What you will do
Please print every record below exactly as written, leaving out the pictures.

Supplied records
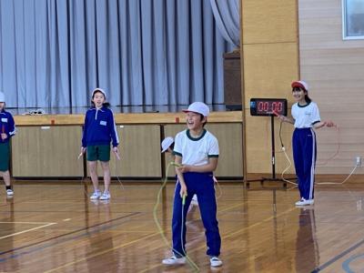 3年生体育では、体育専門アドバイザーの先生に来ていただいて、縄跳びを学習しています。身体ほぐしの時間にも縄跳びを使っていろいろな跳び方に挑戦しています。かけながら飛んだり、足踏みを間に入れて跳んだりと、楽しんで学習しています。
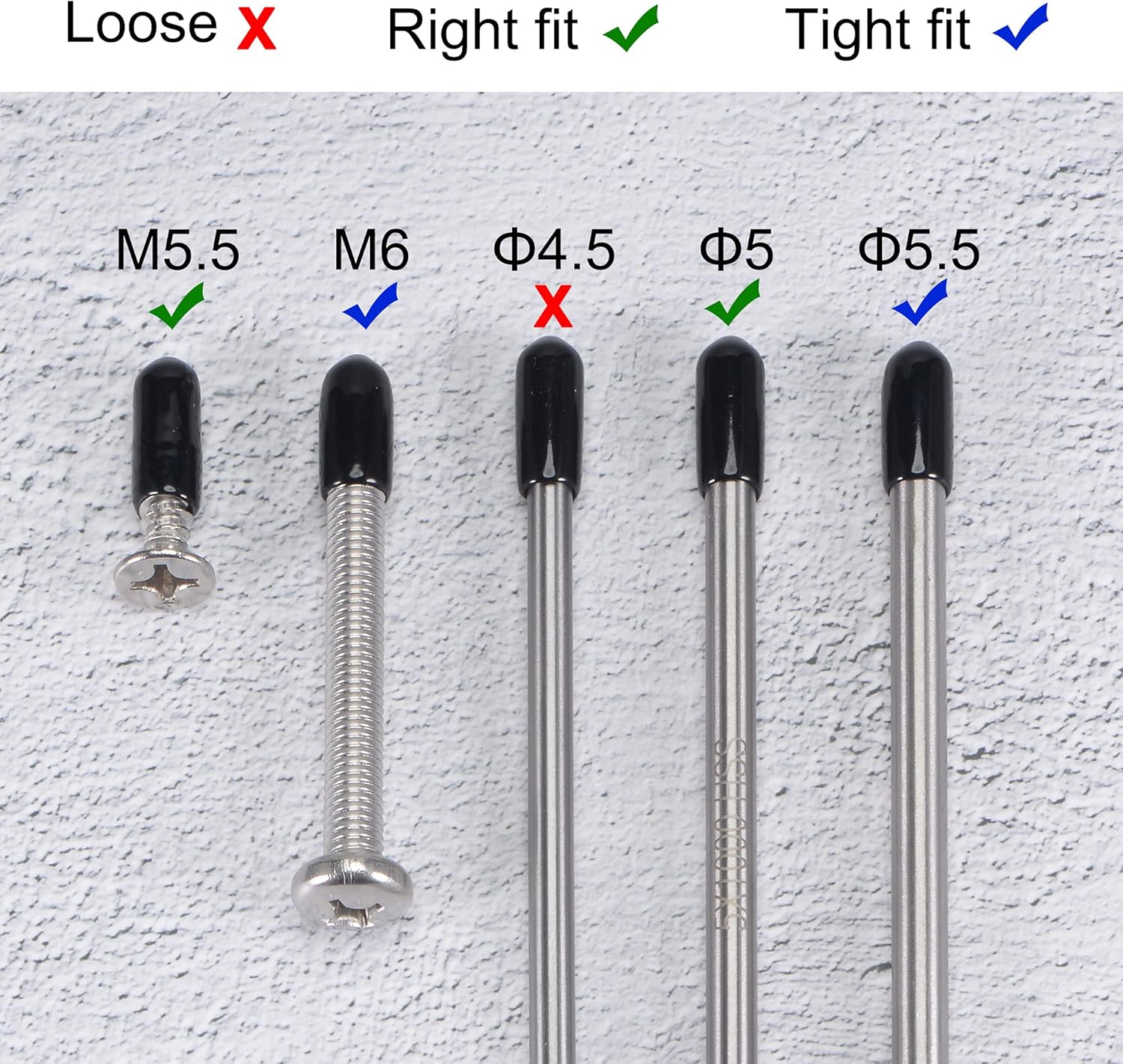 • 【Size Selection】Because rubber material is soft and elastic, we recommend choosing rubber end cap that is slightly smaller than the outer diameter of the product to be protected. For example: the outer diameter of your product is 9.8mm dia, choose the rubber cover of 9.5mm!
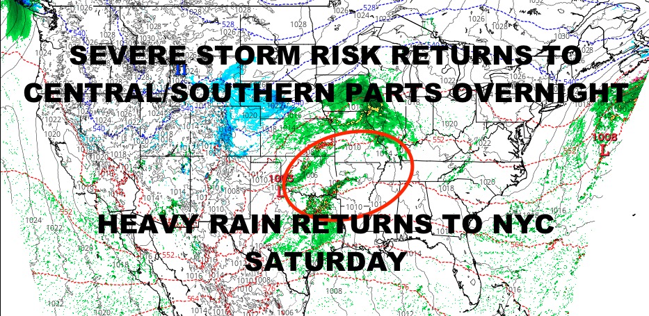 After that, heavy rain and rumbles enter the Southeast, then race back into the Ohio River Valley and the Northeast into New England for Saturday and Sunday.
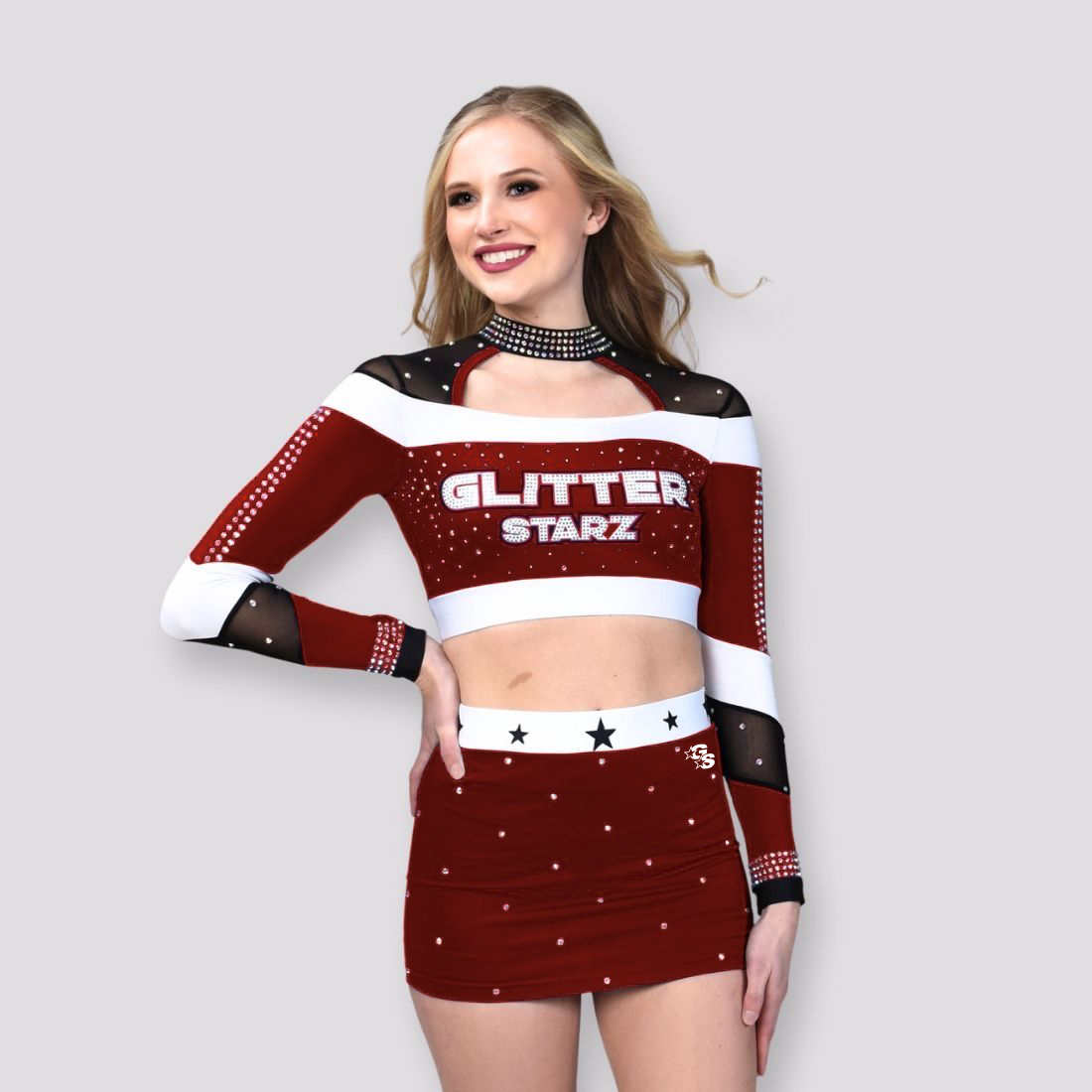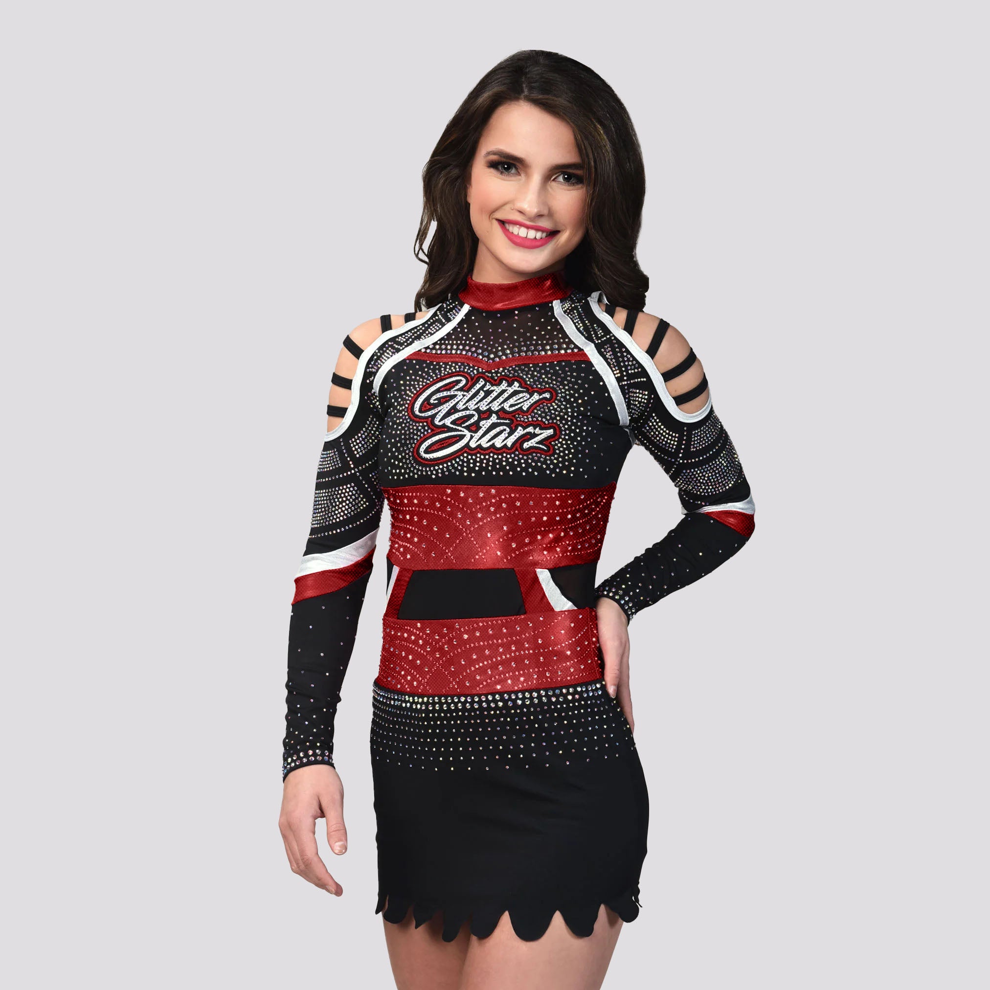 This uniform features a crop top with shoulder cut outs and designs on the back with rhinestones covering the neckline.
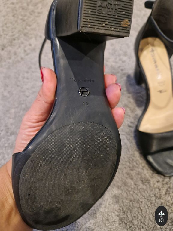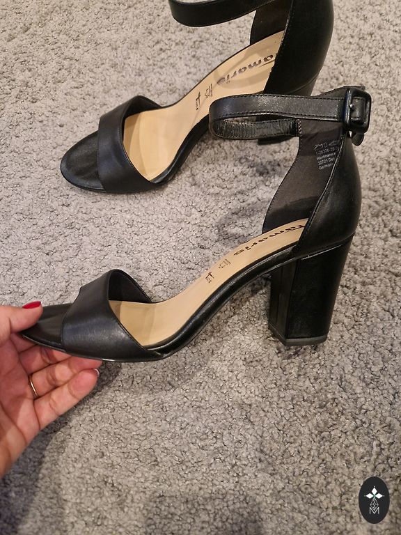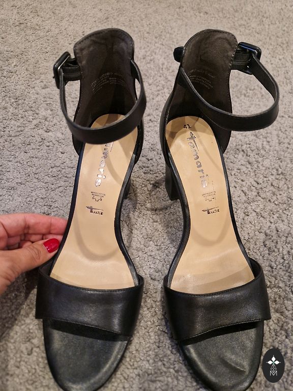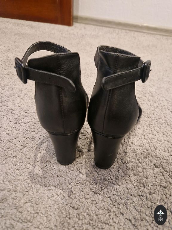 Jauni papēdīši, augstas klases kurpes gan ofisam gan ballītei. Melna ādas klasika. Nēsātas, skatīt foto zolei.
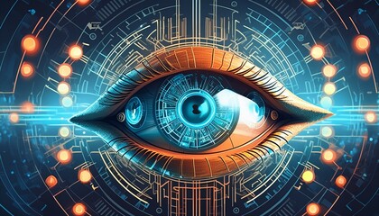 Futuristic cybernetic eye with digital interface overlay
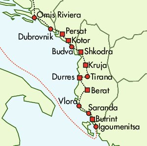 Diese unvergessliche Rundreise führt uns von Griechenland entlang der Südküste sowie durch das Landesinnere von Albanien, weiter durch Montenegro und zurück über die Dalmatinische Küste. Eine Fülle an repräsentativen Museen und architektonisch einzigartigen Bauwerken zeugt von der bewegten Geschichte dieser Region. Es gibt eine Vielzahl von archäologischen Fundstätten, von mittelalterlichen Plätzen und natürlich modernen Städten. Die Geschichte Albaniens geht weit in die Vergangenheit zurück - schon vor 100.000 Jahren war das Gebiet besiedelt und jede Epoche hat ihre Spuren hinterlassen. Wir tauchen ein in das Land der Skipetaren, das in der Vergangenheit Südosteuropas eine bedeutende Rolle spielte, dann lange in Vergessenheit geriet und heute wieder den Anschluss an Europa sucht und findet.
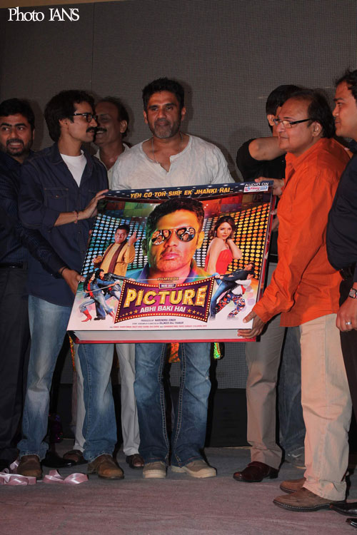 Sunil Shetty came to the music launch of his upcoming Mere Dost Picture Abhi Baaki Hai. Other cast and crew of the film were also present. The launch was held at Novotel, Juhu, Mumbai.
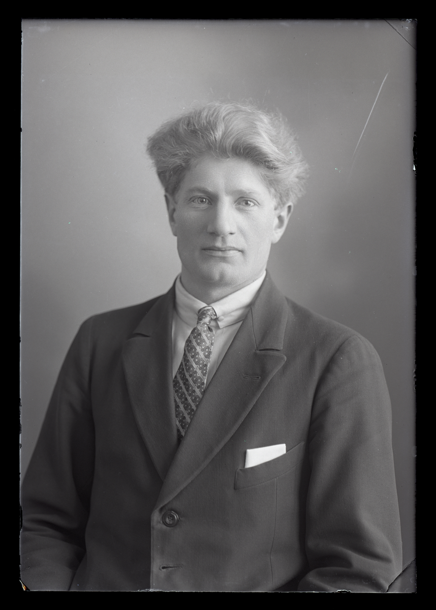 Titel: Mansporträtt, Erik Larsson, Vallby, Säby, Kolbäck. Ur Gustaf Åhmans samling.
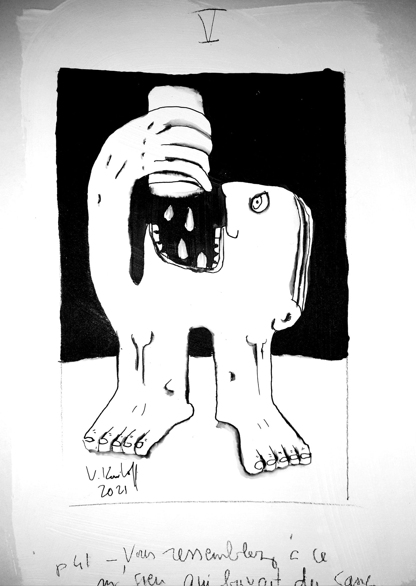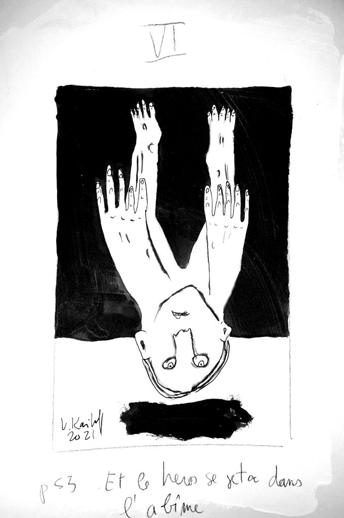 Les dessins émanent de l’univers de l’artiste mécontemporain Vadim Korniloff, dessinateur à la compulsion automatique et dramatique. »
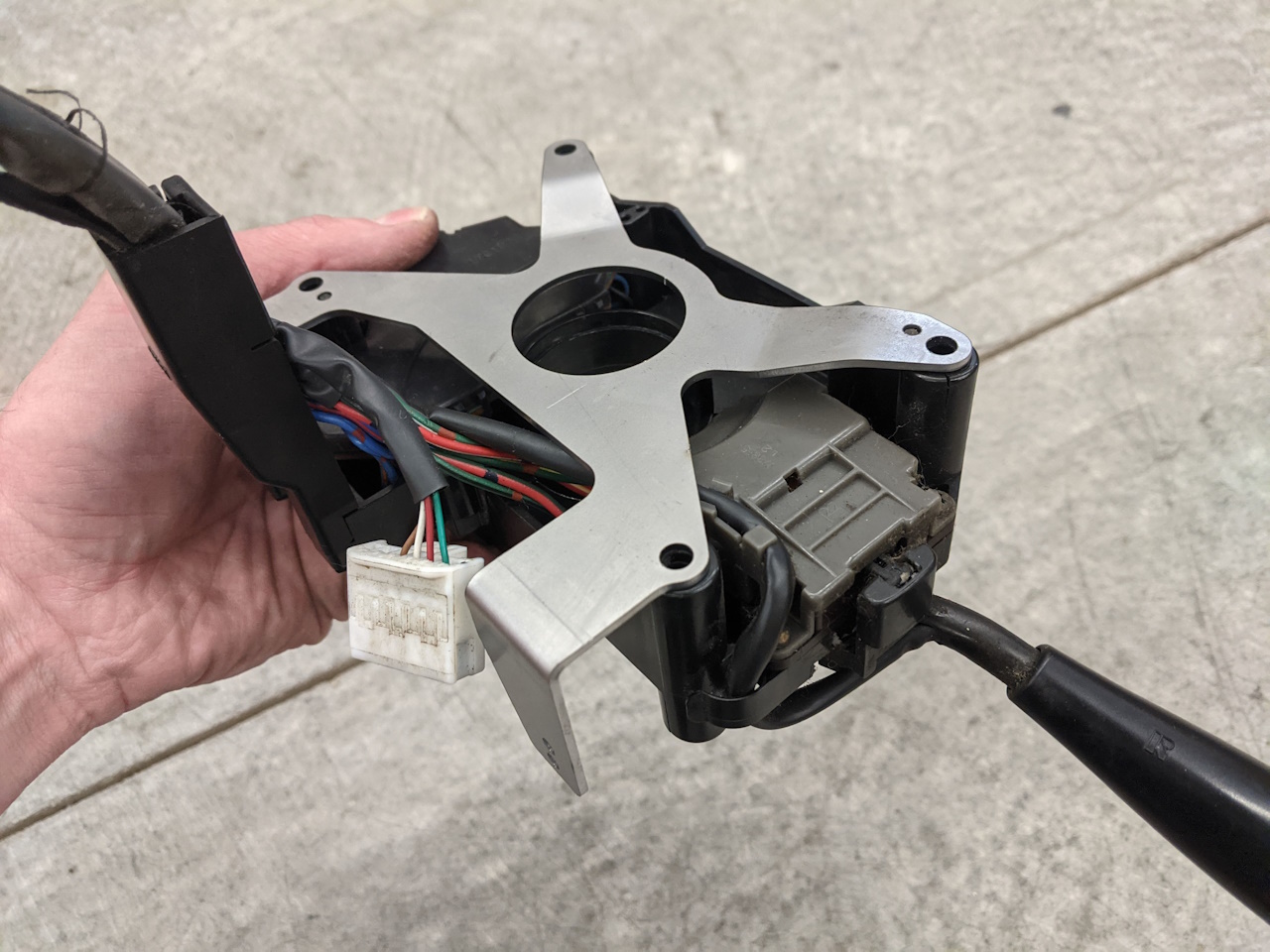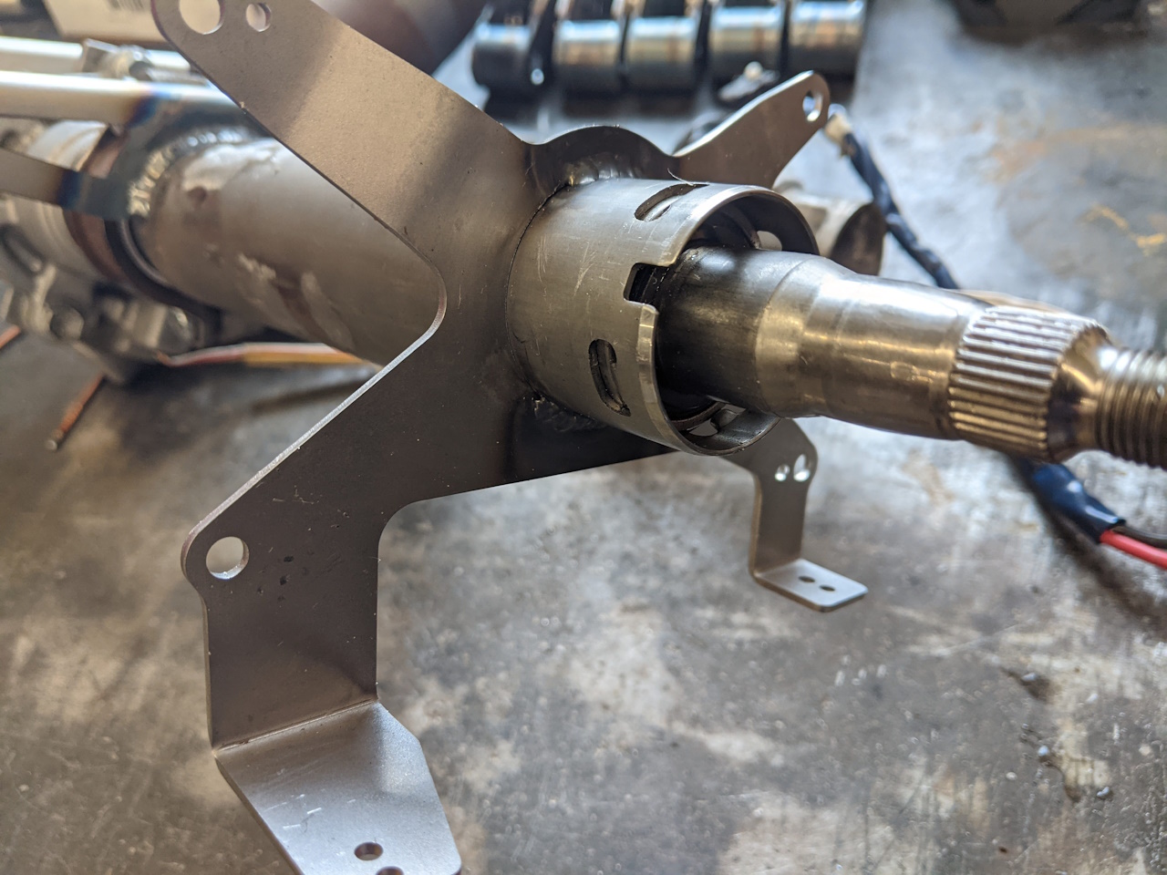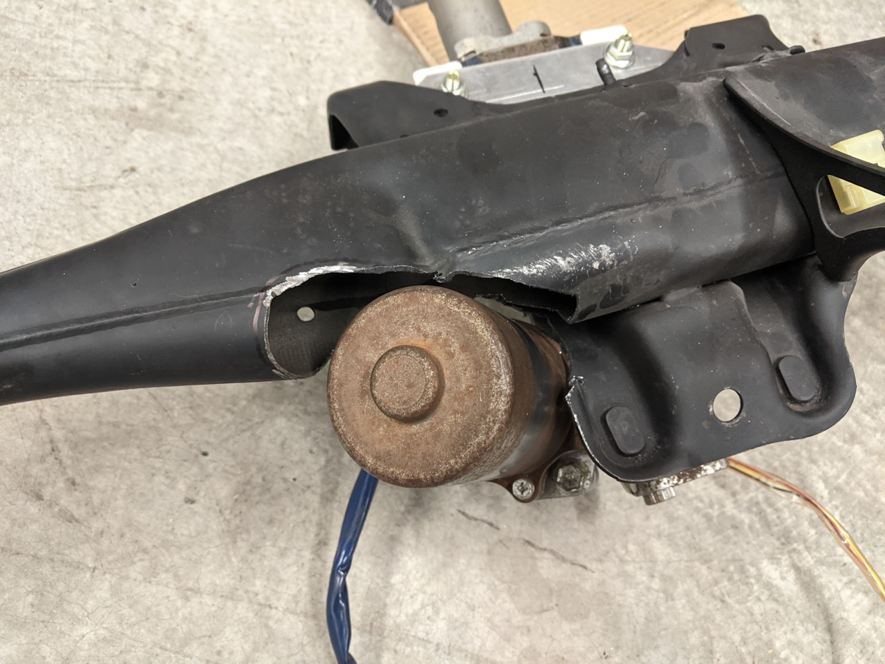 Here are the two brackets welded to the Yaris column. The Yaris column is two pieces and the motor can be clocked relative to the upper part. But both of the welded brackets are on the upper part, so care must be taken to align them before welding, or the combination switch will end up crooked. Unfortunately it turns out that mounting the stock column shroud on only 2 out of 3 mounting points allows it to move too much, eventually breaking the 30+ year old plastic around the mounts. It was probably starting to fail anyway. For now I'm just running without the shroud. The smooth Yaris column, once painted black, is so much cleaner looking that the bulky MR2 tilt mechanism that the lack of the shroud doesn't look too bad. At some point I may add another bracket to the column for the third mounting point.
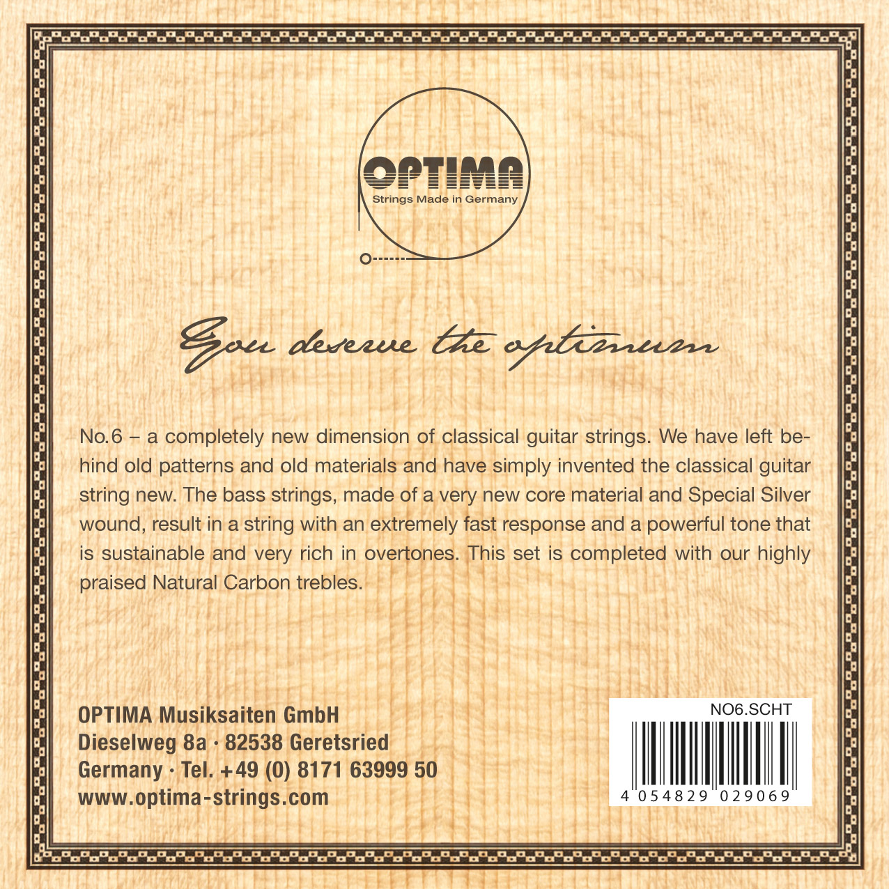 OPTIMA No.6 ? Every concert guitarist should remember the name of these strings, because they bring forth an entirely new dimension. We have left behind old patterns and materials and have merely reinvented the classical guitar string. The bass strings are made with a wholly new core material, wound with a 24 Karat Gold plated wire, resulting in a string with an extraordinary fast response, a powerful sustainable tone very rich in overtones, where the sound spectrum remains perfectly balanced.

The completed task
 3年生体育では、体育専門アドバイザーの先生に来ていただいて、縄跳びを学習しています。身体ほぐしの時間にも縄跳びを使っていろいろな跳び方に挑戦しています。かけながら飛んだり、足踏みを間に入れて跳んだりと、楽しんで学習しています。
 • 【Size Selection】Because rubber material is soft and elastic, we recommend choosing rubber end cap that is slightly smaller than the outer diameter of the product to be protected. For example: the outer diameter of your product is 9.8mm dia, choose the rubber cover of 9.5mm!
 After that, heavy rain and rumbles enter the Southeast, then race back into the Ohio River Valley and the Northeast into New England for Saturday and Sunday.
 This uniform features a crop top with shoulder cut outs and designs on the back with rhinestones covering the neckline.
 Jauni papēdīši, augstas klases kurpes gan ofisam gan ballītei. Melna ādas klasika. Nēsātas, skatīt foto zolei.
 Futuristic cybernetic eye with digital interface overlay
 Diese unvergessliche Rundreise führt uns von Griechenland entlang der Südküste sowie durch das Landesinnere von Albanien, weiter durch Montenegro und zurück über die Dalmatinische Küste. Eine Fülle an repräsentativen Museen und architektonisch einzigartigen Bauwerken zeugt von der bewegten Geschichte dieser Region. Es gibt eine Vielzahl von archäologischen Fundstätten, von mittelalterlichen Plätzen und natürlich modernen Städten. Die Geschichte Albaniens geht weit in die Vergangenheit zurück - schon vor 100.000 Jahren war das Gebiet besiedelt und jede Epoche hat ihre Spuren hinterlassen. Wir tauchen ein in das Land der Skipetaren, das in der Vergangenheit Südosteuropas eine bedeutende Rolle spielte, dann lange in Vergessenheit geriet und heute wieder den Anschluss an Europa sucht und findet.
 Sunil Shetty came to the music launch of his upcoming Mere Dost Picture Abhi Baaki Hai. Other cast and crew of the film were also present. The launch was held at Novotel, Juhu, Mumbai.
 Titel: Mansporträtt, Erik Larsson, Vallby, Säby, Kolbäck. Ur Gustaf Åhmans samling.
 Les dessins émanent de l’univers de l’artiste mécontemporain Vadim Korniloff, dessinateur à la compulsion automatique et dramatique. »
 Here are the two brackets welded to the Yaris column. The Yaris column is two pieces and the motor can be clocked relative to the upper part. But both of the welded brackets are on the upper part, so care must be taken to align them before welding, or the combination switch will end up crooked. Unfortunately it turns out that mounting the stock column shroud on only 2 out of 3 mounting points allows it to move too much, eventually breaking the 30+ year old plastic around the mounts. It was probably starting to fail anyway. For now I'm just running without the shroud. The smooth Yaris column, once painted black, is so much cleaner looking that the bulky MR2 tilt mechanism that the lack of the shroud doesn't look too bad. At some point I may add another bracket to the column for the third mounting point.
 OPTIMA No.6 ? Every concert guitarist should remember the name of these strings, because they bring forth an entirely new dimension. We have left behind old patterns and materials and have merely reinvented the classical guitar string. The bass strings are made with a wholly new core material, wound with a 24 Karat Gold plated wire, resulting in a string with an extraordinary fast response, a powerful sustainable tone very rich in overtones, where the sound spectrum remains perfectly balanced.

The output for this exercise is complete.